The book has been warmly received, especially by those in the EMS community, a response Eisenberg finds satisfying.

“People have told me that they’ve bought the book for their entire crews or shifts, or asked everyone in their department to read it,” he says. “I think that when you get that kind of response, it is indeed gratifying. There are some serious messages here, and if they start percolating through an organization, it will begin to create that culture of excellence, so I’m thrilled.”

As a testament to Eisenberg’s devotion to his mission, all proceeds from the book go to fund cardiac arrest resuscitation research. “We have ongoing projects trying to look at new ways of providing care, and new ways of looking at the information we get,” Eisenberg says. “In ventricular fibrillation, we can learn from the signal coming from the heart that may help guide the resuscitation, so there is a lot to learn.”

Pay Attention to the Signs
Eisenberg stresses that measuring and considering all data concerning the cardiac arrest event will help systems find the gems that may reveal transformative solutions.

“Step one is to look at what you’re doing. If you can’t answer the question of ‘How are we doing right now, what is our true response time from the moment the 9-1-1 call comes in until the moment we arrive at the patient’s side?’ and if you are not measuring every key aspect of that resuscitation, you can’t begin to improve,” he says. “So that has to be the first step.”

He also encourages sharing information with national reporting systems, such as the Cardiac Arrest Registry to Enhance Survival site at mycares.net. “Much of it is automated,” he says. “With 10 or 15 minutes per case, you get back an incredible wealth of information that allows you to look at your own system’s performance as well as make peer comparisons.”

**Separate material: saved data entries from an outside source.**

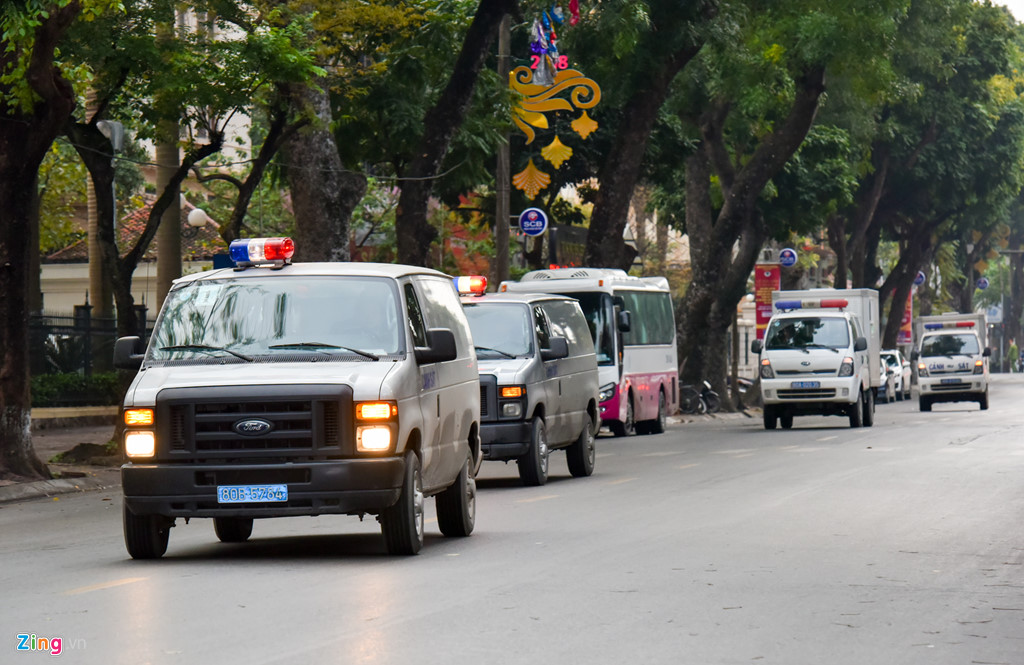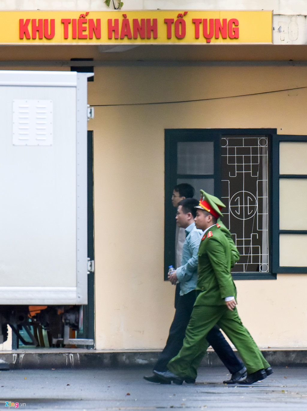 Bên trong tòa, lực lượng chức năng đặt máy soi chiếu. Phía ngoài, Công an Hà Nội lập nhiều vòng kiểm soát quanh khu vực tòa án. Lực lượng bảo vệ gồm CSCĐ, CSGT, Công an quận Hoàn Kiếm và cảnh sát hỗ trợ tư pháp.
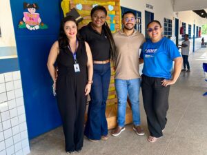Durante a visita, os mobilizadores Joane Cristina (Educação), Kelrison Santos (Núcleo de Cidadania de Crianças e Adolescentes), Tarsila Noronha (Água, Saneamento, Higiene e Resiliência Climática) e Samia Caroline (Equidade Étnico-Racial), acompanhados pela equipe da SEMED, realizaram um monitoramento e mapeamento das necessidades e oportunidades da comunidade escolar.
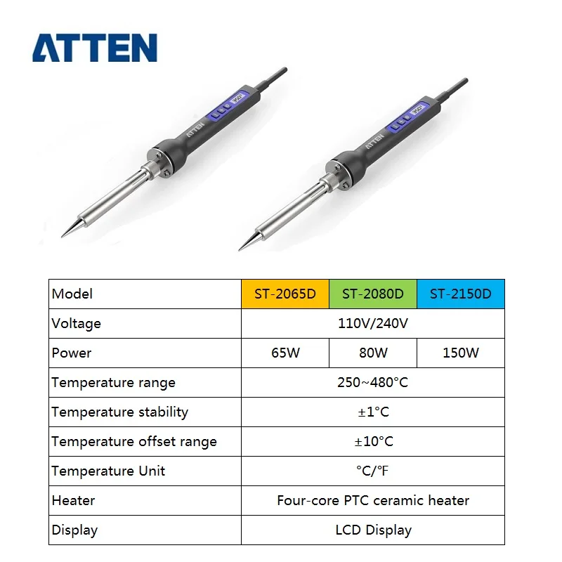 Электрический паяльник ATTEN 80 Вт150 Вт, станция ST-2150D с цифровым ЖК-дисплеем, паяльными жалами с регулируемой температурой
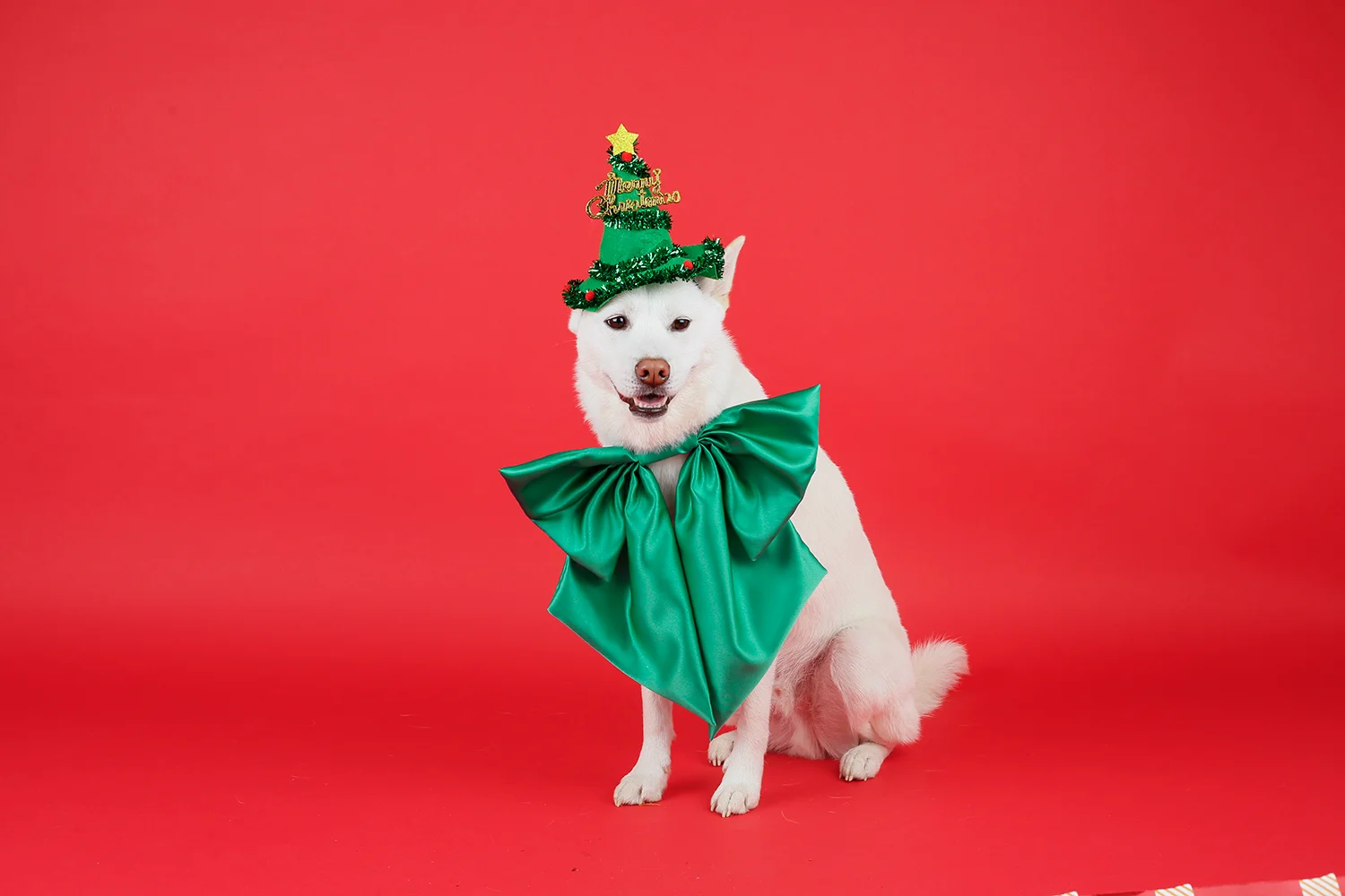 • 악세사리: 크리스마스 왕리본, 미니 트리 모자 등 강아지에게 부담되지 않도록 1~2개만 포인트로 사용했습니다.
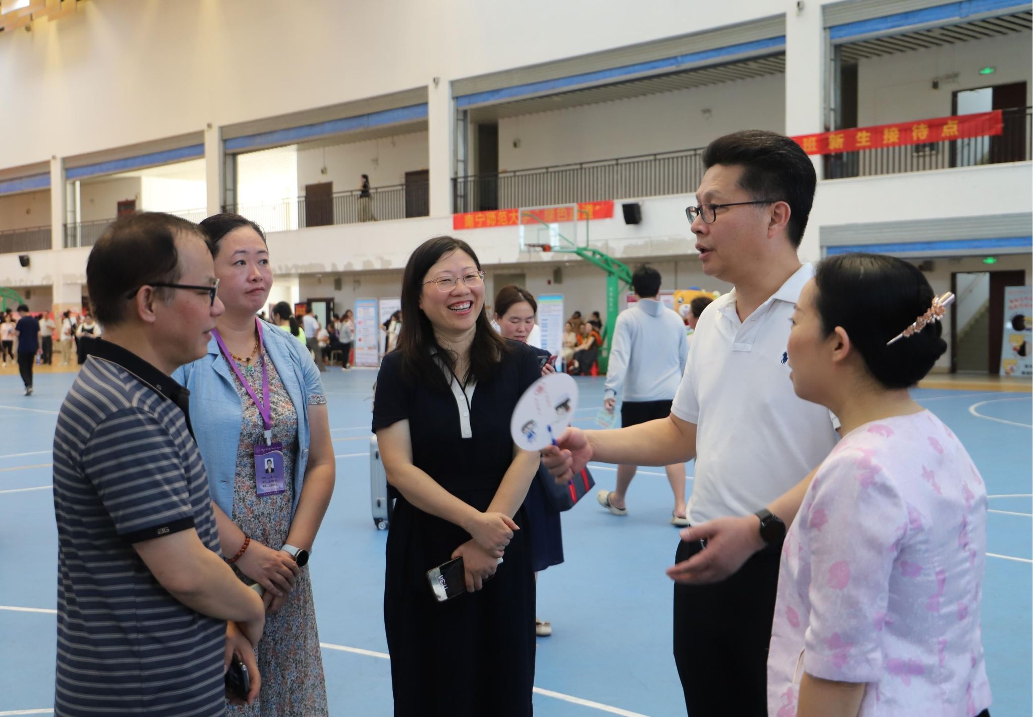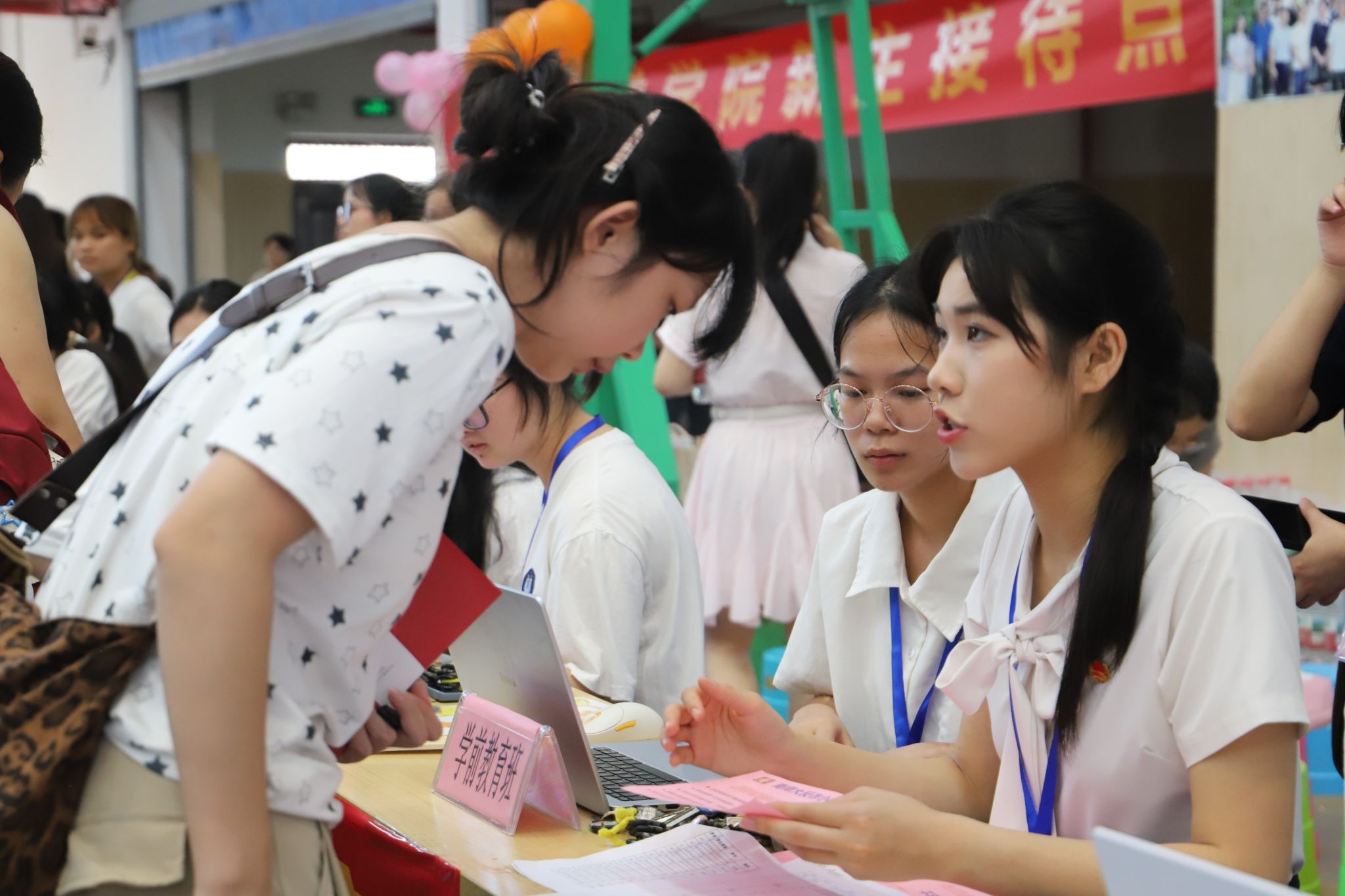 领导班子、学工办老师以及新生班主任坚守一线,多次巡查各接待点,实时协调人力调配。同时,针对新生初入校园的陌生感,志愿者们身着统一服装化身“校园向导”,主动上前帮助,耐心解答,用真诚的笑容与贴心的服务,让家长和新生感受到细致入微的关怀。
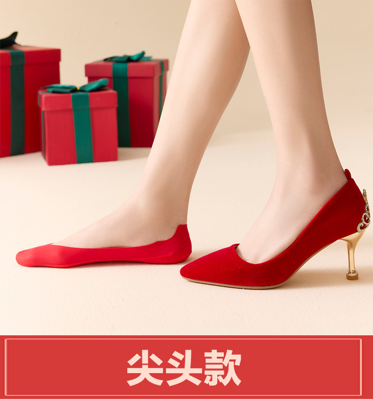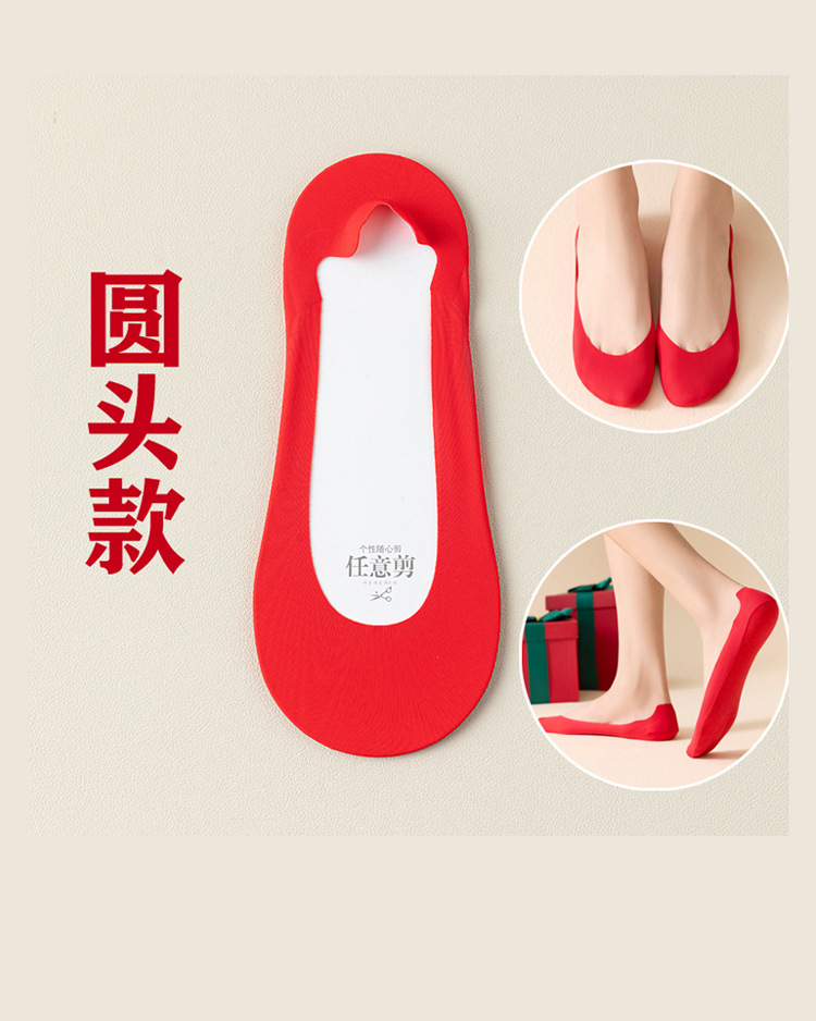 레드 양말 신부 아이스 실크 하이힐 보이지 않는 웨딩 레드 코튼 양말 보트 양말 얕은 입 미끄럼 방지 여름 얇은 코튼 바닥
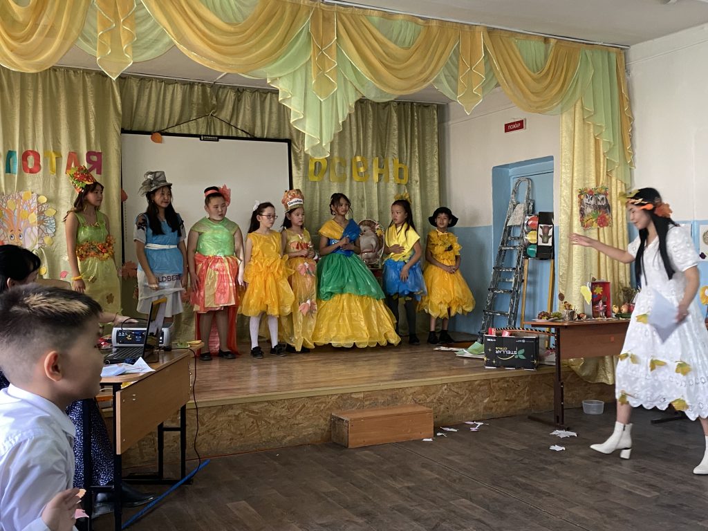 20 октября в начальной школе проведён традиционный праздник «Золотая осень». Помещение было затейливо украшено разноцветными листьями, корзинками с цветами, овощами и фруктами, детскими рисунками и поделками из природных материалов. Красовалась выставка детских творческих работ: на стенде «Осень золотая» рисунки детей об осени. На большом ватмане раскидистое дерево, на листьях которых написаны загадки, которые следует отгадать.
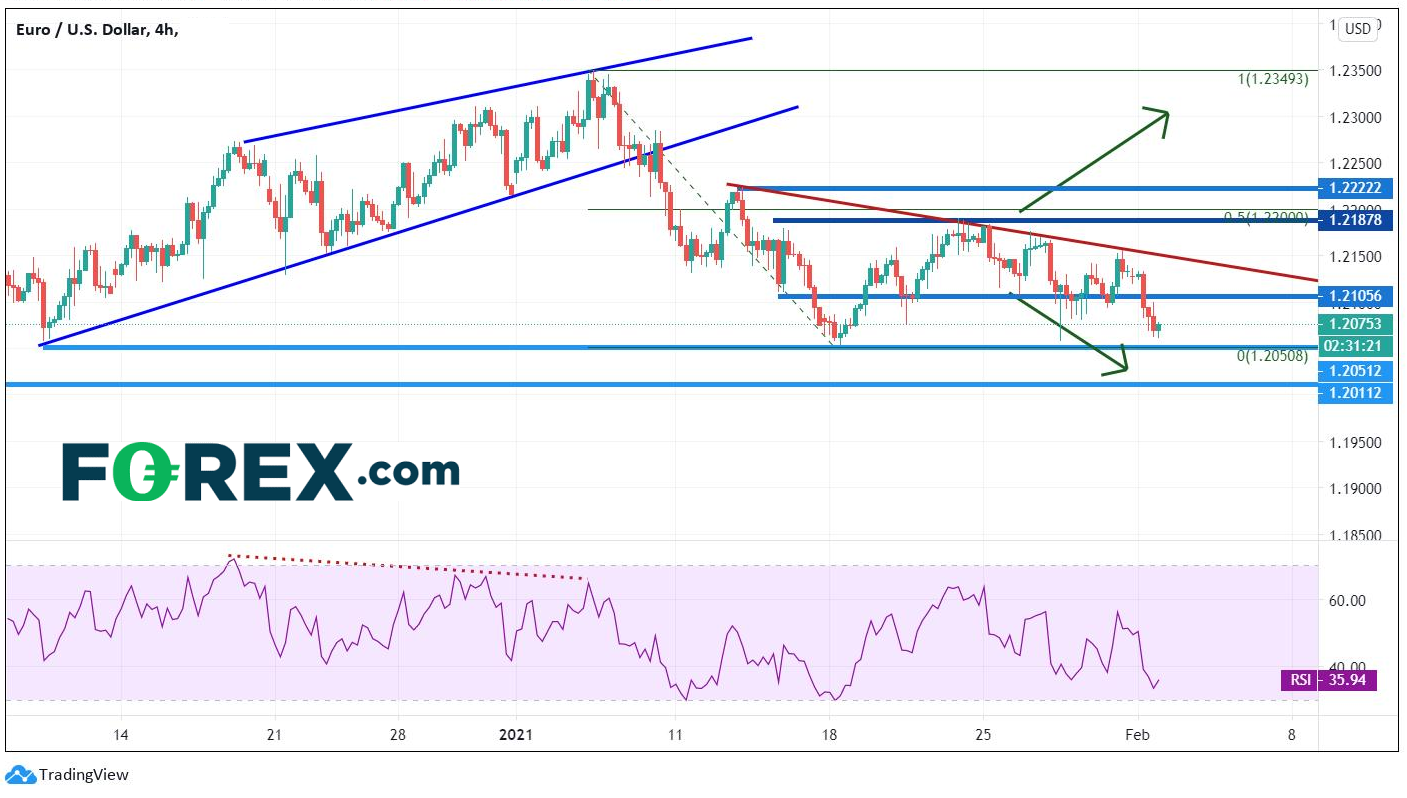 切换到4小时图,可以更加清楚地看到欧元/美元1月8日以来所在的交投区间。与美元指数相背的是,欧元/美元的高点下降并连成一条下降趋势线(请看红色线,目前落在1.2150附近),空头可能在反弹至该趋势线时择机沽售。如果站于其上,欧元/美元有望回到近期高点1.2190附近。

Although Eisenberg wrote Resuscitate! on his own, he credits the many people who have influenced and supported him throughout his career. “Over those 35 years, there’s been an incredible number of people I’ve had the great joy of working with, and they have taught me a great deal,” he says. “People in the EMS community have a kind of mission-driven purpose in their work. There are an awful lot of people out there who have that same drive to succeed in what they do, so I’ve had some great role models—in particular Dr. Leonard Cobb and Dr. Michael Copass.”

Even so, Eisenberg stresses that all the experience and training in the world won’t necessarily make a difference in cardiac arrest survival rates unless attention is paid to the myriad factors that go into quickly arriving at a scene and providing state-of-the-art care throughout the whole process.

He asks simply: “How can you begin to improve unless you know how you are performing right now?”

It’s a thought-provoking question to keep in mind.